Could someone please explain to me the difference between creating a structure with and without malloc. When should malloc be used and when should the regular initialization be used?

For example:

struct person {

    char* name;

};

struct person p = {.name="apple"};

struct person* p_tr = malloc(sizeof(struct person));
p_tr->name = "apple";

What is really the difference between the two? When would one approach be used over others?

Amanda
  • 2,013
  • 3
  • 24
  • 57
  • 1
    `sizeof(struct person)` or `sizeof *p_tr` are valid, but `sizeof(person)` is a syntax error. Best practice would be to use `sizeof *p_tr` – William Pursell Feb 02 '20 at 19:14
  • 2
    I suppose the biggest practical difference is that `struct person p = {.name="apple"};` creates a variable that goes out of scope when the enclosing block ends (eg, if this is in a function, the memory becomes invalid when the function returns.) With `struct person *p`, the variable `p` also becomes invalid when the enclosing scope ends, but the data to which it points is still valid. – William Pursell Feb 02 '20 at 19:16
  • @WilliamPursell So if I store the pointer `*ptr` may be in some queue even after the function ends and later try to retrieve it, it will still be there but not the case with `person p`? – Amanda Feb 02 '20 at 19:23
  • Use `malloc` when you need more control over the lifetime of the object than the first version will give you – M.M Feb 02 '20 at 19:29
  • @WilliamPursell: The lifetime of an automatic object ends when execution of its associated block ends. This is different from when execution leaves the scope, as execution may leave the scope via subroutines or interrupts/signals. Lifetime is **when** during program execution **object** exists. Scope is **where** in source text an **identifier** is visible. – Eric Postpischil Feb 02 '20 at 19:52

4 Answers4

5

Having a data structure like;

struct myStruct {
    int a;
    char *b;
};

struct myStruct p;  // alternative 1
struct myStruct *q = malloc(sizeof(struct myStruct));  // alternative 2
  • Alternative 1: Allocates a myStruct width of memory space on stack and hands back to you the memory address of the struct (i.e., &p gives you the first byte address of the struct). If it is declared in a function, its life ends when the function exits (i.e. if function gets out of the scope, you can't reach it).

  • Alternative 2: Allocates a myStruct width of memory space on heap and a pointer width of memory space of type (struct myStruct*) on stack. The pointer value on the stack gets assigned the value of the memory address of the struct (which is on the heap) and this pointer address (not the actual structs address) is handed back to you. It's life time never ends until you use free(q).
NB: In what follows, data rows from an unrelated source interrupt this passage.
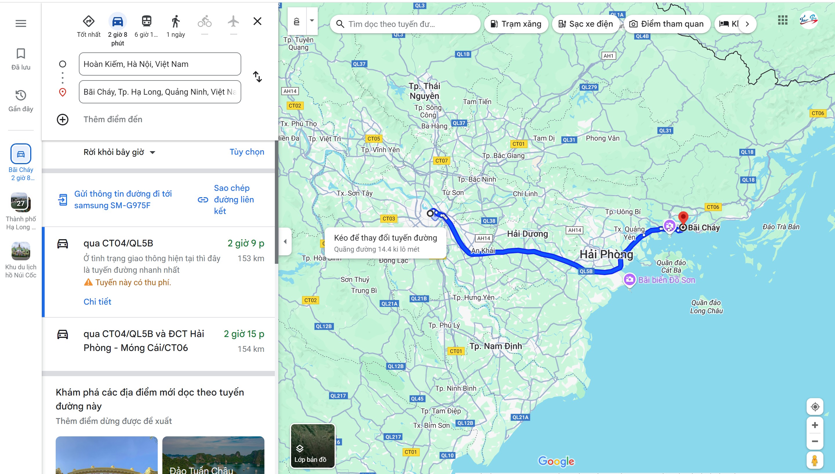 Ngoài ra du khách đi du lịch Hạ Long tự túc bằng các phương tiện cá nhân, có thể tải ứng dụng Google Maps về điện thoại, sau đó nhấp ô tìm kiếm từ khóa {Bãi Cháy Hạ Long}, nhấp chỉ đường và phương tiện dự định di chuyển. Google Maps sẽ lựa chọn tuyến đường thuận tiện nhất cho bạn. Bạn chỉ nhấp thêm bắt đầu để được điều hướng thuận lợi không lo đi nhầm đường.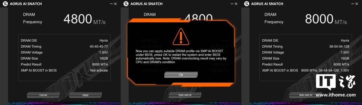 目前我们手上频率最高的是 8000MT/s 的雷克沙战神之翼内存,AI 推荐了 7600MT/s 与 8000MT/s 两档设置,我们设置为 8000MT/s,并与 4800MT/s 的默认频率做对比测试。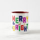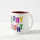 Caneca De Café Em Dois Tons Reindeer feliz e pinheiro brilhante Snowman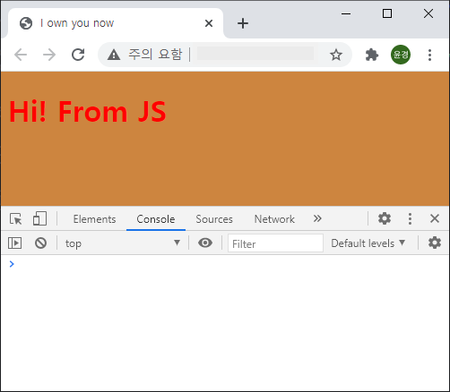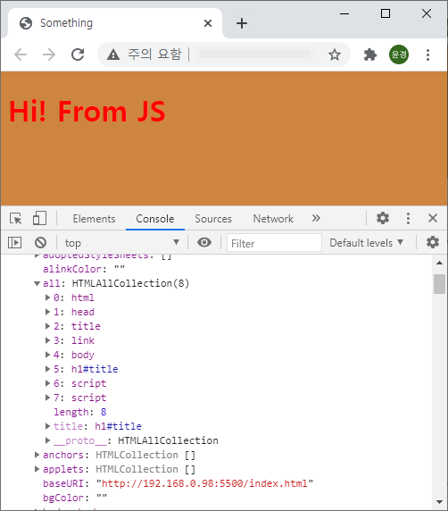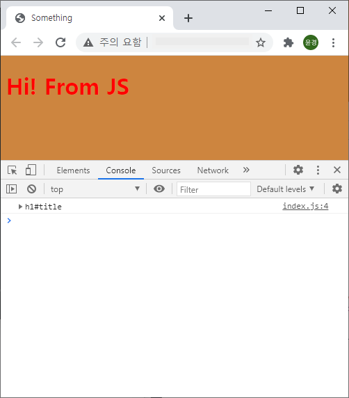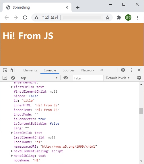 title.innerHTML = "Hi! From JS";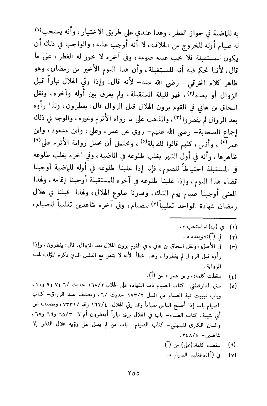 به للماضية في جواز الفطر، وهذا عندي على طريق الاختيار، وأنه يستحب له صيام أوله للخروج من الخلاف، لا أنه أوجب عليه، والواجب في ذلك أن يكون للمستقبلة فلا يجب عليه صومه، وفي آخره لا يجوز له الفطر، على ما قال، لأننا نحكم فيه أنه للمستقبلة، وأن هذا اليوم الأخير من رمضان، وهو ظاهر كلام الخرقي ـ رضي الله عنه ـ لأنه قال: وإذا رئي الهلال نهاراً قبل الزوال أو بعده، فهو لليلة المستقبلة، ولم يفرق بين أوله وآخره، ونقل إسحاق بن هانىء في القوم يرون الهلال قبل الزوال قال: يفطرون، وإذا رأوه بعد الزوال لم يفطروا، والمذهب على ما رواه الأثرم وغيره، والوجه في ذلك إجماع الصحابة ـ رضي الله عنهم ـ روي عن عمر، وعلي، وابن مسعود، وابن عمر، وأنس، كلهم قالوا للقابلة، ويحتمل أن تحمل رواية الأثرم على ظاهرها، وأنه في أول الشهر يغلب طلوعه في الماضية، وفي آخره يغلب طلوعه في المستقبلة احتياطاً للصوم، فإنا إذا غلبنا طلوعه في أوله للماضية أوجبنا قضاء هذا اليوم، وإذا غلبنا طلوعه في آخره للمستقبلة أوجبنا إتمامه، ولهذا المعنى أوجبنا صيام يوم الشك، وقدرنا طلوع الهلال، ولهذا قبلنا في هلال رمضان شهادة الواحد تغليباً للصيام، وفي آخره شاهدين تغليباً للصيام،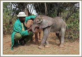 Risasi: Risasi was rescued from Tsavo East National Park. He was a spirited strong willed young bull the keepers nicknamed Risasi; He was rescued and treated by the DSWT/KWS Tsavo Veterinary Unit before being airlifted to the Nairobi Nursery.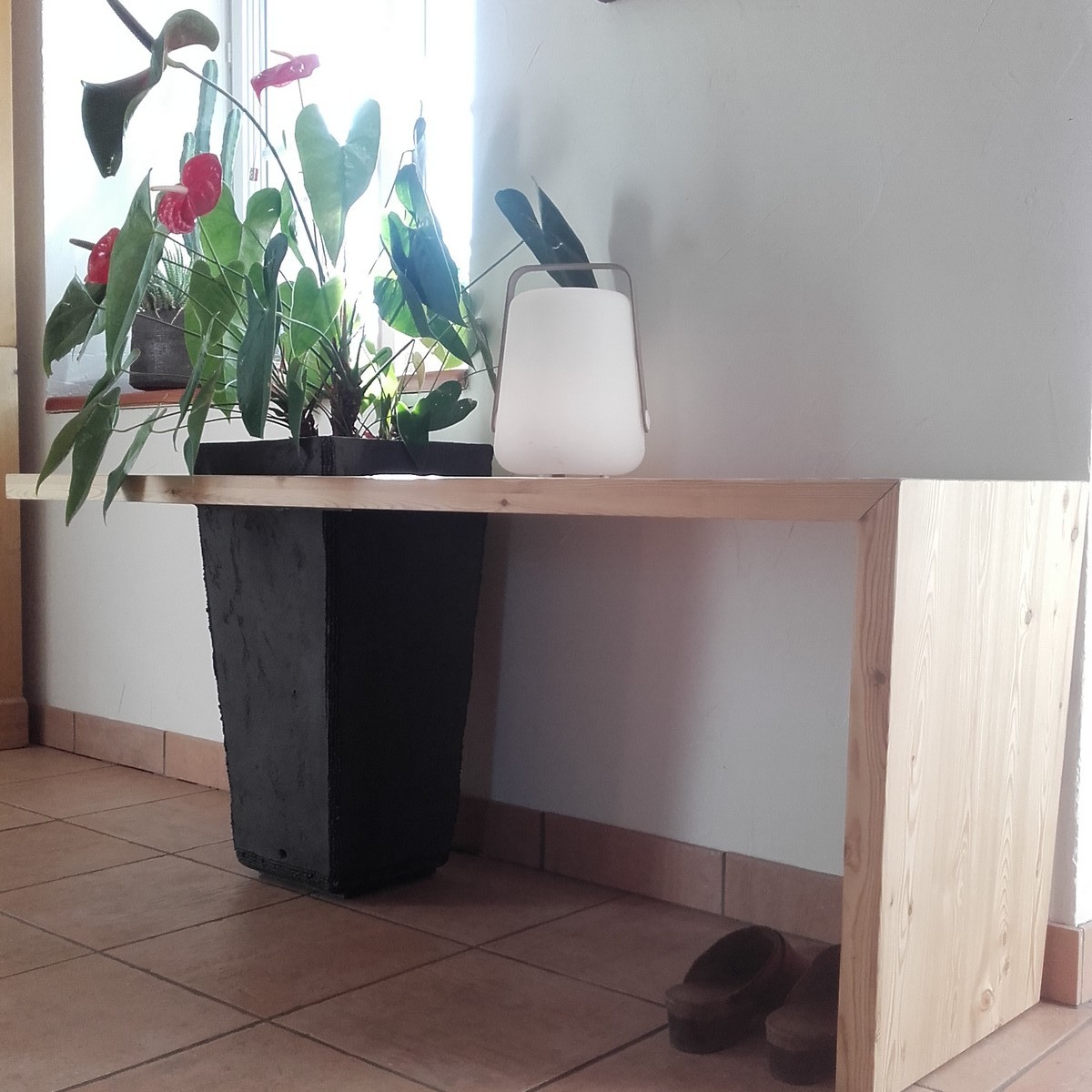 Adaptation at this customer's place of garden pots in bench for the entrance.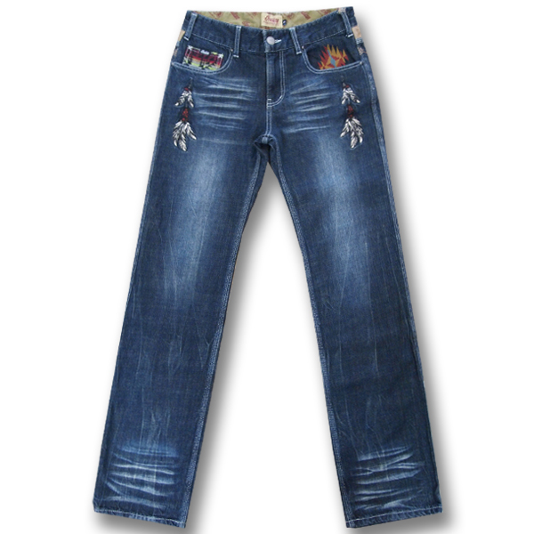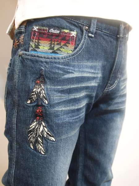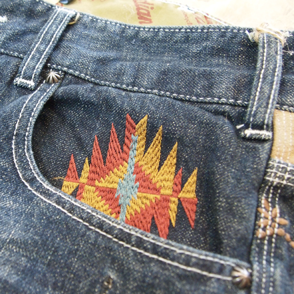 ネイティブ感あふれるデザインの一着。細部にネイティブ柄の生地を配したり、フェザーなどの刺繍をいれました。

In the latter case, say, myStruct sits on memory address 0xabcd0000 and q sits on memory address 0xdddd0000; then, the pointer value on memory address 0xdddd0000 is assigned as 0xabcd0000 and this is returned back to you.

printf("%p\n", &p); // will print "0xabcd0000" (the address of struct)

printf("%p\n", q);  // will print "0xabcd0000" (the address of struct)
printf("%p\n", &q); // will print "0xdddd0000" (the address of pointer)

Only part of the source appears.